Par ailleurs, l'État n'est pas loin d'avoir engagé plusieurs centaines de millions d'euros dans les matériaux de protection, d'irrigation et d'adaptation au changement climatique.

Enfin, le troisième volet de réflexion du Varenne de l'eau sur les PGTE et l'utilisation de l'eau correspond à une dynamique très forte. Ce ne sont pas des paroles en l'air : il s'agit d'argent qui a déjà été dépensé, de décisions réglementaires qui ont déjà été prises, ou qui ont été annoncées et devraient se concrétiser prochainement.

J'y insiste, le rôle de l'État est de créer un cadre favorable, d'accompagner et d'investir, mais aucun projet ne peut aboutir sans une volonté politique forte localement : il faut donc du courage à tous les étages !

Monsieur le sénateur Houllegatte, je ne pense pas du tout que les crédits carbone vont détourner les agriculteurs de leur vocation. Je vais tenir un raisonnement vraiment très sommaire : pour moi, un agriculteur est un entrepreneur du vivant qui nourrit le peuple. Il doit donc gagner sa vie, et son activité doit être bénéfique, d'abord pour lui et sa vie de famille et, ensuite, pour la Nation et les transitions.

Le système des crédits carbone est tout simple : un agriculteur est rémunéré dès lors que sa pratique culturale permet de stocker du CO2 et est bénéfique pour l'environnement. Cette rémunération lui est versée par le marché, par des investisseurs notamment privés, monsieur le sénateur de Nicolaÿ, et pas seulement via une subvention du ministère de l'agriculture ou de l'environnement, comme c'est le cas par exemple pour les PSE, dans lesquels je crois beaucoup par ailleurs.

Dans ce domaine, je ne défends pas une vision mercantile ; je plaide simplement pour une approche pragmatique.

Cela étant, nous allons devoir relever un véritable défi au niveau européen, car le coût des crédits carbone européens est beaucoup plus élevé que celui des crédits carbone sud-américains, en raison d'une différence de référentiel : 35 euros environ contre 5 à 8 euros. Dans ces conditions, comment convaincre le marché, public ou privé, d'investir en Europe alors que c'est moins cher ailleurs ?

Monsieur Pointereau, vous avez évoqué le déficit de notre balance commerciale ; en fait, l'enjeu est avant tout d'accroître notre compétitivité, car c'est de cela qu'il s'agit, d'abord la compétitivité-coût, mais aussi la compétitivité hors coût, c'est-à-dire la qualité.

M. Joël Bigot. - Vous nous avez dit, monsieur le ministre, que l'agriculture devait être nourricière et que nous avions perdu de vue cet élément fondateur.

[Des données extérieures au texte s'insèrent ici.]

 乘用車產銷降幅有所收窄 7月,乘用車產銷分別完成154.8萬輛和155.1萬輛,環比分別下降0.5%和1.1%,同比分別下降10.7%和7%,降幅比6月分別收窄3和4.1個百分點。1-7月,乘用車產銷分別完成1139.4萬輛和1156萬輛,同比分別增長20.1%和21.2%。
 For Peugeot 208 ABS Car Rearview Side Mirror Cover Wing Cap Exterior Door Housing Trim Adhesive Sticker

L'agriculture évolue, c'est une évidence. Je suis moi-même élu dans un département agricole où l'on trouve beaucoup de polycultures, avec beaucoup d'établissements d'enseignement supérieur spécialisés dans l'horticulture. Vous avez indiqué tout à l'heure qu'il faudrait tendre vers une sélection variétale, notamment des plants. Les agriculteurs ne doivent-ils pas craindre une standardisation de l'offre, qui viendrait quelque peu réduire la diversité de ce l'on peut consommer dans ce pays ?

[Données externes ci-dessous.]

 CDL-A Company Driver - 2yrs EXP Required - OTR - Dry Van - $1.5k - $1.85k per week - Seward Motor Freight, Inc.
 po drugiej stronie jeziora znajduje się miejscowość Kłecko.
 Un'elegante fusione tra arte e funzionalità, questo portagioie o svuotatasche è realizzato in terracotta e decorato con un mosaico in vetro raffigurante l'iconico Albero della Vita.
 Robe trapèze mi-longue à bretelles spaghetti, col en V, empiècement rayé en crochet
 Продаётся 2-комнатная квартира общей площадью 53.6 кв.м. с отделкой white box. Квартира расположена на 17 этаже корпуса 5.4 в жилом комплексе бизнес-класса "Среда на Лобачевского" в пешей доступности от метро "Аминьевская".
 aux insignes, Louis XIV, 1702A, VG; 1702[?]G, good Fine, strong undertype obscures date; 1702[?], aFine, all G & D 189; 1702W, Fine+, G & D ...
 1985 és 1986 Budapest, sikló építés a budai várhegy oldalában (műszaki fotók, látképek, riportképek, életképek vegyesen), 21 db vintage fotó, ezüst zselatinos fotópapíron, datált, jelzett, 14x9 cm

De votre point de vue, plusieurs sortes d'agriculture peuvent-elles cohabiter, par exemple une agriculture reposant sur un modèle extensif et d'autres types d'agriculture préservant davantage la qualité variétale des plants et, donc, la qualité de la nourriture ?

M. Julien Denormandie, ministre. - Il est vrai qu'il existe différents types d'agriculture ; seulement, à titre personnel, je défends tout autant - c'est d'ailleurs une critique que l'on m'adresse - l'agriculture biologique que l'agriculture de conservation, celle qui capte du carbone, l'agriculture à haute valeur environnementale et l'agriculture conventionnelle, qui privilégie la diversification des productions au travers des rotations.

J'ai le sentiment, pour avoir des échanges réguliers avec un certain nombre d'experts, notamment ceux de l'Institut national de recherche pour l'agriculture, l'alimentation et l'environnement (Inrae), que la diversité génomique des principaux cépages est aujourd'hui assez faible, autrement dit qu'il existe déjà, de fait, une forme d'uniformisation. C'est d'ailleurs l'immense force de l'Inrae d'entretenir la diversité génomique par la sélection variétale en ne cessant jamais de faire des croisements, en vue notamment de lutter contre telle ou telle maladie.

M. Jean-François Longeot, président. - Nous vous remercions pour cet éclairage, monsieur le ministre, et pour la qualité de ces échanges.